Adultos TDAH

Adultos TDAH

É natural que algumas crianças pareçam ter um estoque vitalício de energia. Não param quietas. Alternam variadas atividades. Possuem dificuldades para reter informações e, geralmente, são estabanadas. Injustamente são julgadas “criança problema”.

No entanto, elas também podem ser desatentas e dispersas. Talvez por estarem perdidas em distrações. Ou por olharem tudo ao seu redor, sem conseguir focar em quase nada.

Frequentemente viajam no tempo e na maionese. Se desligam do mundo terrestre e partem para uma jornada dentro de suas próprias cabeças.

No mundo da lua

Ao longo do crescimento, parte dessas crianças apresentam certos graus de dificuldade no aprendizado. Seus níveis de desatenção, impulsividade e hiperatividade podem aumentar drasticamente, causando prejuízos para sua saúde física e mental.

Quando chegam à fase adulta, abandonam a vida acadêmica e mudam constantemente de emprego. Incessantemente buscam por novos estímulos. Possuem intolerância a monotonia e situações repetitivas.

Na maiorias dos casos, apresentam dificuldades para expressar suas ideias e colocar em prática o que está passando em suas mentes.

São mais propensos a se envolverem em acidentes de trânsito. São mais suscetíveis aos vícios, abuso do álcool e outras drogas.

Podem ter dificuldades nas relações interpessoais, relacionamentos instáveis.

Saiba que, esses comportamentos podem indicar um transtorno.

Caso não diagnosticado e tratado corretamente, essas e outras situações podem ser fatais para a vida de um TDAH.

Entenda o distúrbio

Segundo a Associação Brasileira do Déficit de Atenção (ABDA), o Transtorno de Déficit de Atenção com Hiperatividade (TDAH) é um transtorno neurobiológico, de causas genéticas e fatores culturais.

Caracterizado por sintomas de desatenção, inquietude e impulsividade. Ele também é chamado de DDA (Distúrbio do Déficit de Atenção).

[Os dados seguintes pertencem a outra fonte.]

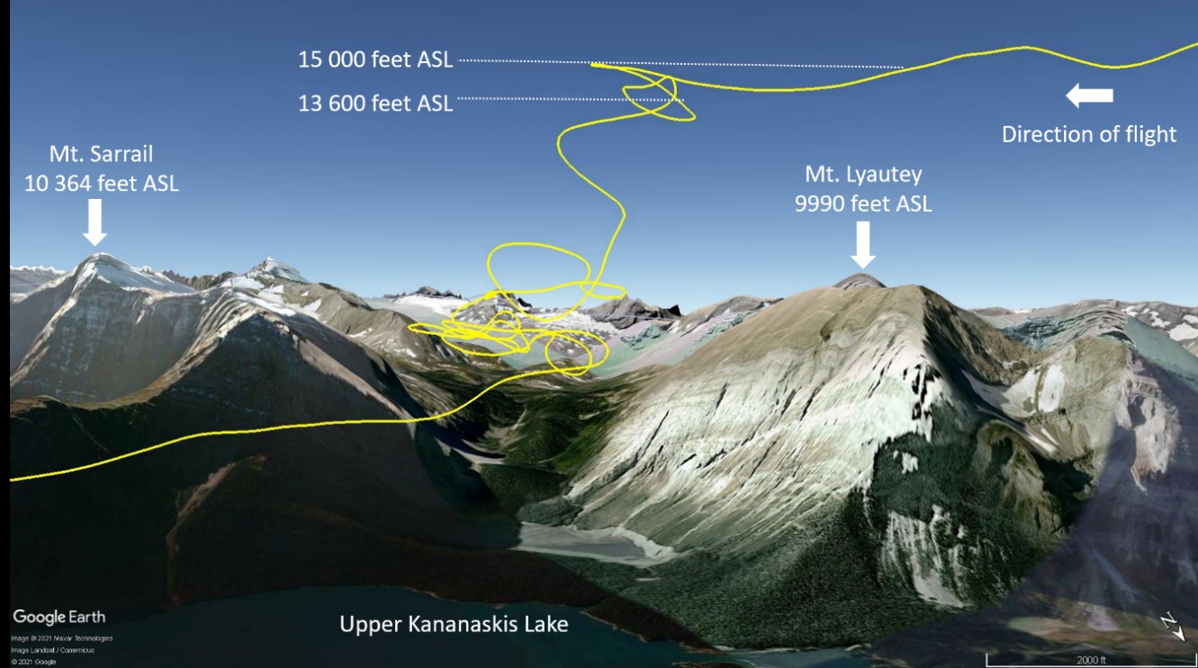 The pilot was able to see the terrain below as the aircraft descended through approximately 8500 feet ASL and control of the aircraft was regained at approximately 8100 feet ASL. At the time, the aircraft was in the Kananaskis Valley, where nearby mountain peaks extended up to 10 364 feet ASL (Figure 2). Flight visibility at the time was approximately 1 statute mile (SM), and improved to 2–3 SM as the pilot descended to approximately 7500 feet ASL, while flying toward Upper Kananaskis Lake.
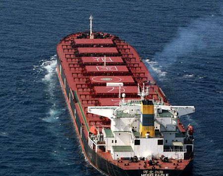 ![]() Chinese characters “Zuguo Wansui” meaning “Long Live the Motherland” are seen on the main deck of the Hong Kong-flagged merchant vessel “Hebei Eagle,” escorted by the Chinese fleet, when it sailed across the waters off Somalia, January 7, 2009. A Chinese naval fleet sails into the Gulf of Aden off Somalia earlier this week, starting a three-month mission to protect passing ships against pirates. Full Coverage [Xinhua]
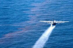 Dispersants can be used to dissipate oil slicks.[51] A dispersant is either a non-surface active polymer or a surface-active substance added to a suspension, usually a colloid, to improve the separation of particles and to prevent settling or clumping. They may rapidly disperse large amounts of certain oil types from the sea surface by transferring it into the water column. They will cause the oil slick to break up and form water-soluble micelles that are rapidly diluted. The oil is then effectively spread throughout a larger volume of water than the surface from where the oil was dispersed. They can also delay the formation of persistent oil-in-water emulsions. However, laboratory experiments showed that dispersants increased toxic hydrocarbon levels in fish by a factor of up to 100 and may kill fish eggs.[52] Dispersed oil droplets infiltrate into deeper water and can lethally contaminate coral. Research indicates that some dispersants are toxic to corals.[53] A 2012 study found that Corexit dispersant had increased the toxicity of oil by up to 52 times.[54] In 2019, the U.S. National Academies released a report analyzing the advantages and disadvantages of several response methods and tools.[55]

É reconhecido oficialmente por vários países e pela Organização Mundial da Saúde (OMS), sendo um dos transtornos mais comuns, acomete cerca de 3% a 5% dos pequenos.

Cientistas descobriram que o TDAH também pode ser desenvolvido na adolescência e fase adulta. Os dados de pesquisas são:

• Estima-se que 3% dos adultos apresentam o TDAH.

• 87% dos jovens com TDAH não tinham o problema quando pequenos.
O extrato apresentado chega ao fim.